OPINION
SINGLETON, Judge.
David Earley pled no contest and was convicted of misconduct involving a controlled substance in the fourth degree— marijuana — a class C felony, in violation of AS 11.71.040(a)(3)(F), and disorderly conduct, a class B misdemeanor, in violation of AS 11.61.110(a)(1). When Earley changed his plea to no contest, he reserved his right to appeal the denial of a suppression motion in accordance with
Oveson v. Anchorage,
574 P.2d 801, 803 n. 4 (Alaska 1978) and
Cooksey v. State,
524 P.2d 1251 (Alaska 1974). We affirm in part and reverse in part.

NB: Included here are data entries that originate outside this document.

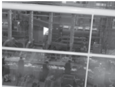
〈エフピコ関東リサイクル工場見学〉

各地区社協に関するお問い合わせは…玉川地域社会福祉協議会事務所 TEL：3702-7777 FAX：3702-7861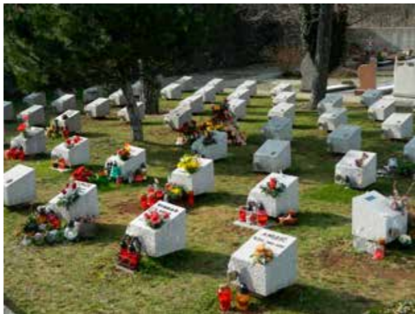
Žarne talne niše na pokopališču Sežana.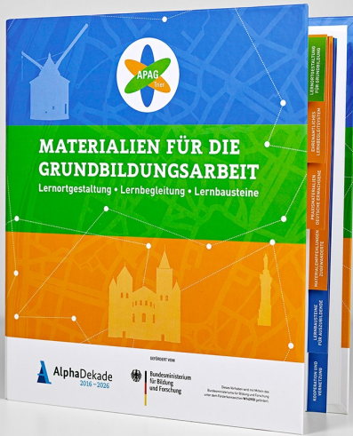
Mockup: Neumann Design, Trier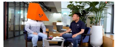
주제 중심 프로그램(온라인)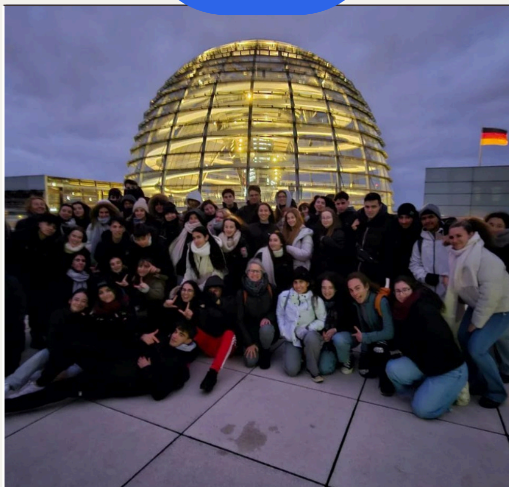
Viatge a Berlín

Earley first argues that his arrest was unlawful since he was not disorderly and that his right to loudly argue and protest the forcible and warrantless intrusion of the police into his home was protected by the first amendment to the United States Constitution. He further argues that if AS 11.61.110(b), which defines unreasonably loud noise, applies to his case, the statute chills free speech and is overbroad and void for vagueness.
At approximately 3:15 a.m. on April 24, 1988, police officers responded to a call from Joseph Cook, who lived next to Earley in a duplex. Cook complained about loud noises coming from next door over a protracted period of time. Cook told the officers he heard loud arguing and children running around. Cook told the officers that he had contacted the residents of the apartment next door and asked the occupants to be more quiet and they had ignored him. When the officers investigated, they heard a loud argument between two males coming from Earley’s residence.

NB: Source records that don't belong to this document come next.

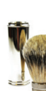
Reise Rasierpinsel, metall travel shaving brush metal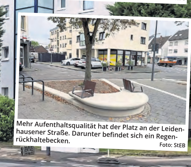
Mehr Aufenthaltsqualität hat der Platz an der Leidenhausener Straße. Darunter befindet sich ein Regenrückhaltebecken.

stellung und Formulierung zu unterstützen.“ Trotz der vagen Erfolgsaussichten hebt die Stadt einen Nebeneffekt als positiv hervor: EU-Projekte bieten immer die Gelegenheit zum direkten Austausch mit anderen Kommunen in Europa. Eine willkommene Gelegenheit, sich zu vernetzen, Synergien zu schaffen und voneinander zu lernen. Fraglich, ob sich Köln und andere Metropolen des Kontinents zum Netzwerk EUROCITIES ohne den Rahmen der EU zusammengefinden hätten.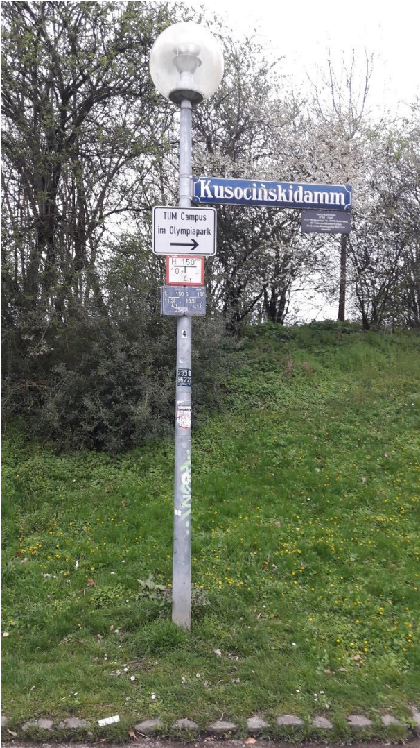
11 Tatsächlich: Ein Hinweisschild im Nordteil des Olympiaparks! Das Gestaltungshandbuch Olympiapark war aber noch unbekannt.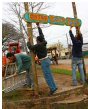
Izquierda: Colocando carteles con mensajes que aportaron los participantes.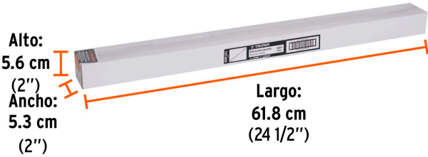
Contiene: 2 piezas

When the officers contacted Earley, he was loud and belligerent. Given the lateness of the hour, the complaints of a citizen informant, including a prior warning to Earley, and Earley’s conduct when approached, we find that the officers had probable cause to arrest Earley for disorderly conduct committed in their presence, AS 12.25.030(a)(1), and that the arrest did not violate the first amendment to the United States Constitution. Earley’s conduct and attitude when the police approached him support a reasonable belief that he would have continued to disturb the peace of his neighbors unless he had been taken into custody. We further hold that AS 11.61.110(a)(1), as applied to Earley’s conduct, is neither vague nor overbroad.
See Summers v. Anchorage,
589 P.2d 863, 866-67 (Alaska 1979). We therefore affirm Earley’s conviction for disorderly conduct.

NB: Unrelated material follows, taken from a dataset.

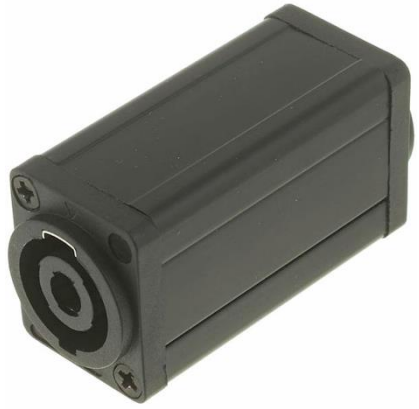
A0311 Speakon Adapter 4-pol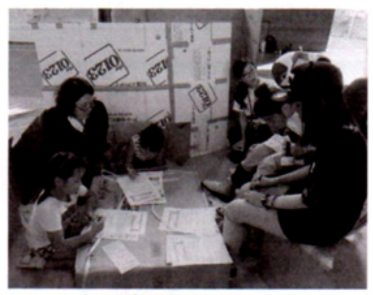
グループ発表に向けて振り返り

Earley next argues that the officers’ search of his kitchen, garage, and apartment ostensibly to protect the officers and to protect children present in the apartment was unreasonable. The fourth amendment to the United States Constitution and article 1, section 14 of the Alaska Constitution bar unreasonable searches and seizures. A warrantless search is
per se
unreasonable unless it falls within an exception to the warrant requirement.
Katz v. United States,
389 U.S. 347, 357, 88 S.Ct. 507, 514, 19 L.Ed.2d 576 (1967);
Deal v. State,
626 P.2d 1073, 1078 (Alaska 1980);
Ahkivgak v. State,
730 P.2d 168, 171 (Alaska App.1986). Alaska recognizes a protective search exception to the warrant requirement.
Murdock v. State,
664 P.2d 589, 596-97 (Alaska App.1983);
Taylor v. State,
642 P.2d 1378 (Alaska App.1982).
To satisfy the protective search doctrine, the state must prove that: “(a) the officers must have reasonable cause to believe that their safety is in danger before engaging in such a search, and (b) the search must be narrowly limited to areas where they could find dangerous persons.”
Murdock,
664 P.2d at 596. “To show such reasonable cause to search, the state should ‘demonstrate a factual basis for a reasonable belief that additional suspects [beyond those under police control] were present and posed a threat to the safety’ of the officers,”
Id.
(quoting
State v. Spietz,
531 P.2d 521, 525 (Alaska 1975)).
The state must prove by a preponderance of the evidence that the exception to the warrant requirement existed.
Chilton v. State,
611 P.2d 53, 55 (Alaska 1980);
Schraff v. State,
544 P.2d 834, 838 (Alaska 1975).
In reviewing the trial court’s decision, we view the evidence in the light most favorable to the state.
See Gray v. State,
596 P.2d 1154, 1158 n. 18 (Alaska 1979). In this case Earley was arrested and handcuffed on the threshold of his apartment. The officers observed a second man walk across the doorway out of sight. The offi
cers also spotted two small children in the apartment. One child was sleeping on the floor and another child was on the couch. Shortly thereafter, the second man, Alvarez, came into the room. The officers suspected that Alvarez was intoxicated. The officers, at this point, searched the apartment thoroughly, ostensibly to ensure that no one was present who could endanger them while they were assuring that Alvarez was a proper person to care for the two children. During the search of the apartment, the police found a substantial quantity of marijuana in the kitchen, some seedlings in an upstairs bedroom, and a marijuana-growing operation in the garage.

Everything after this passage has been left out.